Home is here, however to answer your question about Australia, firstly I really miss the efficiency. The amount of time you’ll waste in Croatia on general paperwork, getting paperwork printed, signed and stamped, in buildings to change your address or even to send something via post is enough to give any diaspora anxiety. I am under the impression that Croatia likes to waste two things, time and paper. Secondly, I miss the sense of community. In Australia, it doesn’t matter who your neighbour is, where they come from or their religion, it’s embedded in our society to help one another, it’s what we call, the Australian way. However in Croatia, it’s a different story. You’ll find your own people trying to take advantage of you in any way they can and experiencing this first hand really made me sad for quite some time. I believe we are stronger as a society and nation in collaboration with one another, rather than in competition. Thirdly, I often miss the pace and sense of urgency. Croatia is much slower to the life I am used to. For example, I once sent a business proposal to someone on Monday, received a response on Wednesday who then confirmed a meeting the following Friday. Believe me when I say, I have received correspondence from Arianna Huffington much faster.

What bit of ‘local’ advice would you give to someone visiting Croatia for the first time – what ‘gem’ should they see?
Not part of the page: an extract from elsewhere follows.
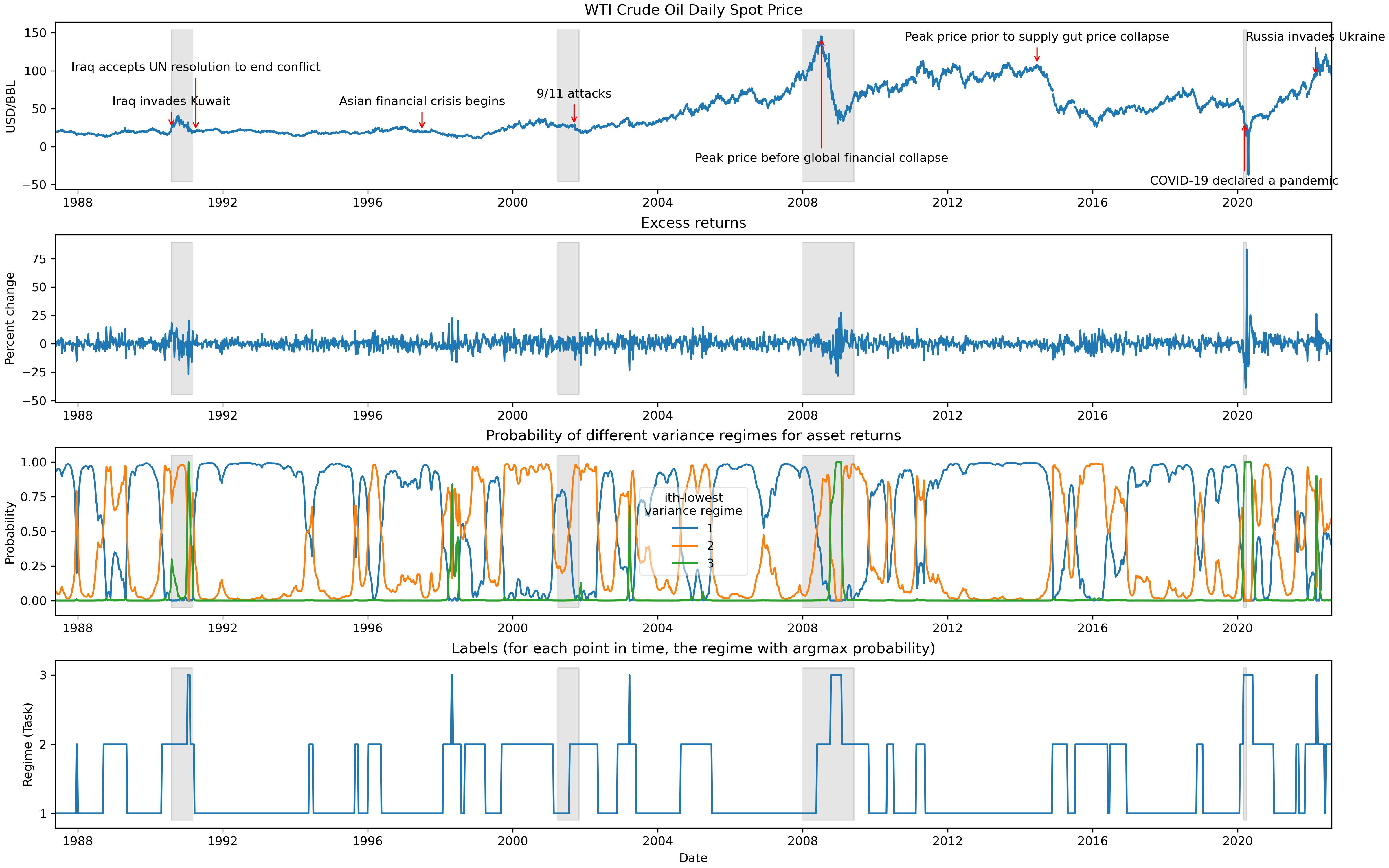 The scarcity of task-labeled time-series benchmarks in the financial domain hinders progress in continual learning. Addressing this deficit would foster innovation in this area. Therefore, we present COB, Crude Oil Benchmark datasets. COB includes 30 years of asset prices that exhibit significant distribution shifts and optimally generates corresponding task (i.e., regime) labels based on these distribution shifts for the three most important crude oils in the world. Our contributions include creating real-world benchmark datasets by transforming asset price data into volatility proxies, fitting models using expectation-maximization (EM), generating contextual task labels that align with real-world events, and providing these labels as well as the general algorithm to the public. We show that the inclusion of these task labels universally improves performance on four continual learning algorithms, some state-of-the-art, over multiple forecasting horizons. We hope these benchmarks accelerate research in handling distribution shifts in real-world data, especially due to the global importance of the assets considered. We've made the (1) raw price data, (2) task labels generated by our approach, (3) and code for our algorithm available at https://oilpricebenchmarks.github.io.

I can easily pitch my typical, visit Kornati Islands, swing by Konoba Levrnaka for lunch. Consider Zminj, it’s the heart of Istria and a 20 minute drive from all the typical tourist spots like Rovinj, Pula etc. Of course, Zadar for sunset at Pozdrav Sunce (I must say this or my boyfriend will be upset, he’s a typical dalmatinac) but the gem of Croatia is the Slavonian region. I believe that there is not enough promotion put in place for the north eastern end of the country that I was born in. Cities like Osijek, Dakovo, Vukovar, they are all a must see. There’s a gorgeous Castle and Estate in Principovac near Ilok to lose an afternoon in and for the best fiš paprikaš visit Bistro Baranjska Citadela in Baranja county of Osijek. My parents take all guests there during their annual trip to Croatia. It’s a much quieter and less talked about end of the country that deserves as much praise as the other end of Croatia.
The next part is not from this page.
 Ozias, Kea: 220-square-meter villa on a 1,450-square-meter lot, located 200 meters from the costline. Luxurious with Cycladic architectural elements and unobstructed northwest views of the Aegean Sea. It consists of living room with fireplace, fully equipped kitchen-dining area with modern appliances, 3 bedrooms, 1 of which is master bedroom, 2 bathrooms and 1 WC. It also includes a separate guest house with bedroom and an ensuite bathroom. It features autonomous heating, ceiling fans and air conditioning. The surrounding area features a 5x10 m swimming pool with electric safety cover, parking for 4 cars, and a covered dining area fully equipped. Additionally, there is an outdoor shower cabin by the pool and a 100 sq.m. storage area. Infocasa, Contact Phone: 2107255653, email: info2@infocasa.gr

Are you happy you moved?Do you plan to stay?

I have absolutely no regrets moving back, it was the best decision that I ever made for myself. My life in Croatia is what dreams are made of, I have the best of both worlds. I also met the love of my life in Croatia (he is also from Sydney, not a local boy) and we are happily settled between Zagreb and Zadar. We are definitely staying to continue our businesses, expand our property portfolio and of course, raise a family in Croatia. I took a huge blindfolded risk leaving Australia but my risk has finally being rewarded.

What advice would you give to anyone thinking of moving to back to the motherland?

I get a lot of questions from diaspora all over the world asking how I did it. My simple answer is don’t think too much about it, just do it. If something is pulling you back to the homeland, honour this feeling. Don’t listen to what people say, don’t let your family discourage you. I know the general consensus is that people are leaving Croatia, that it’s not a liveable country but your net quality of life is higher and easier to obtain in Croatia, believe it or not. I’ll be honest, it’s not easy. Don’t expect Croatian people to embrace you because you’ve come back, most will look at you as dollar signs but also don’t be offended by this. It’s typical Croatian mentality and will eventually make you laugh. There is a large number of diaspora in Croatia who will guide you and help you find your feet in your homeland so don’t let anything discourage you from returning. My biggest advice once you do get here is not to give up after a year, you need at least 2-3 years to really find your feet in Croatia.

Comments

  1. A very interesting young woman. I wonder how many New Zealand Croatians have returned to Croatia.

    Like

  2. Hi Ina
    Thank you for continuing to follow my blog. I appreciate you. Have a great day. 🙂 M

    Like

  3. Reblogged this on By the Mighty Mumford and commented:
    HOPE RTHAT SOMETHING WORLS! 🙂

    Like

  4. A good inspiring article .
    With the crushing costs that seniors in retirement face here in Oz, maybe Domovina is the best option . At least the retirement institutions there don’t charge a $100k per year for a room .
    Sydney has changed from being a good fair place to live into a debt slavery utopia for the central banking cartel .
    In terms of opportunity , a 2 bed apartment costs over $1 million, over thirty years with interest that’s a $2.5 million obligation .
    That’s 100k per year net !
    No wonder the youth are leaving Sydney as well . The “dream” is for the cashed up only .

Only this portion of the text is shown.